Publicado em NOVA ESCOLA Edição 215, 01 de Setembro | 2008

Prática Pedagógica

Gérard Vergnaud: "Todos


perdem quando a
pesquisa não é colocada
em prática"
O pesquisador francês, uma referência na didática de
Matemática, diz que só conhecendo a forma como os
alunos aprendem é possível ensinar
Gabriel Pillar Grossi

No campo do ensino da Matemática, poucos


nomes são tão respeitados quanto o de
Gérard Vergnaud. Aos 75 anos de idade e
depois de orientar mais de 80 teses de
mestrado e doutorado, ele continua
trabalhando como diretor emérito de estudos
do Centro Nacional de Pesquisas Científicas
(CNRS, na sigla em francês), em Paris. Formado
em Psicologia, fez a própria tese de
doutoramento com ninguém menos que Jean
Piaget. "O título era A Resposta Instrumental
como Resolução de Problemas. Pura teoria",
Gérard Vergnaud
lembra Vergnaud. De lá para cá, passou a se
dedicar cada vez mais aos aspectos práticos - a
didática da disciplina. Sua descoberta mais
importante é a chamada Teoria dos Campos Conceituais, que ajuda a
entender como as crianças constroem os conhecimentos matemáticos.
"Infelizmente, na Educação, não temos o hábito de levar o resultado das
pesquisas para dentro da sala de aula, como fazem regularmente médicos e
outros cientistas, e isso é uma perda muito grande para nós", diz. Em
outubro, ele vem a São Paulo a convite da Fundação Victor Civita para falar
sobre seus estudos durante a Semana de Educação. Saiba mais por que é tão
importante conhecer os processos de aprendizagem dos alunos na entrevista
a seguir, concedida no fim de abril, quando Vergnaud esteve na capital
gaúcha para prestar consultoria a professores locais.

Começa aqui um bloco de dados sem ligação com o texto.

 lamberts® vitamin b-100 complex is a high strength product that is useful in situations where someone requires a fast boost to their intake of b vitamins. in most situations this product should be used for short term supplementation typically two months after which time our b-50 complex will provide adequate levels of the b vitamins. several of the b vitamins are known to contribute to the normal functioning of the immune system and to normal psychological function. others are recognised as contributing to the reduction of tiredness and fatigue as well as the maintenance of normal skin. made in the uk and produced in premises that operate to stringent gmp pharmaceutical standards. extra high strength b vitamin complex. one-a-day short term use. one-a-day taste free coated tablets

O que é, resumidamente, a Teoria dos Campos Conceituais?


GÉRARD VERGNAUD O resultado de muita pesquisa com estudantes, que
nos leva a compreender como eles constroem conhecimentos matemáticos.
Ela é fundamental para ensinar a disciplina, pois permite prever formas mais
eficientes de trabalhar os conteúdos. Na minha palestra, quero mostrar a
relação entre essa teoria e a prática escolar.

É fácil fazer essa transposição para a sala de aula?

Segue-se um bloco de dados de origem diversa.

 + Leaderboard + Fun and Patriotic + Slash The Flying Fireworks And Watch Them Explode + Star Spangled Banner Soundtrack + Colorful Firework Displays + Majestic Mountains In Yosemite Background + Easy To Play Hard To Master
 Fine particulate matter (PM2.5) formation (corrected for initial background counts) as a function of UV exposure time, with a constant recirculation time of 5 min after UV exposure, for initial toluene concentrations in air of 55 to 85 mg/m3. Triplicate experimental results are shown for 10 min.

VERGNAUD Nem sempre. Mas, se não levamos os resultados das pesquisas
para a sala de aula, perdemos muito. Na maioria dos campos da Ciência,
existe a percepção de que, se alguém cria uma teoria, isso é bom. Em
Educação, essa idéia infelizmente não é tão difundida. Muitos resistem às
descobertas por acreditar que basta repetir o que é feito há séculos.

Como aumentar o interesse dos professores pelas pesquisas didáticas?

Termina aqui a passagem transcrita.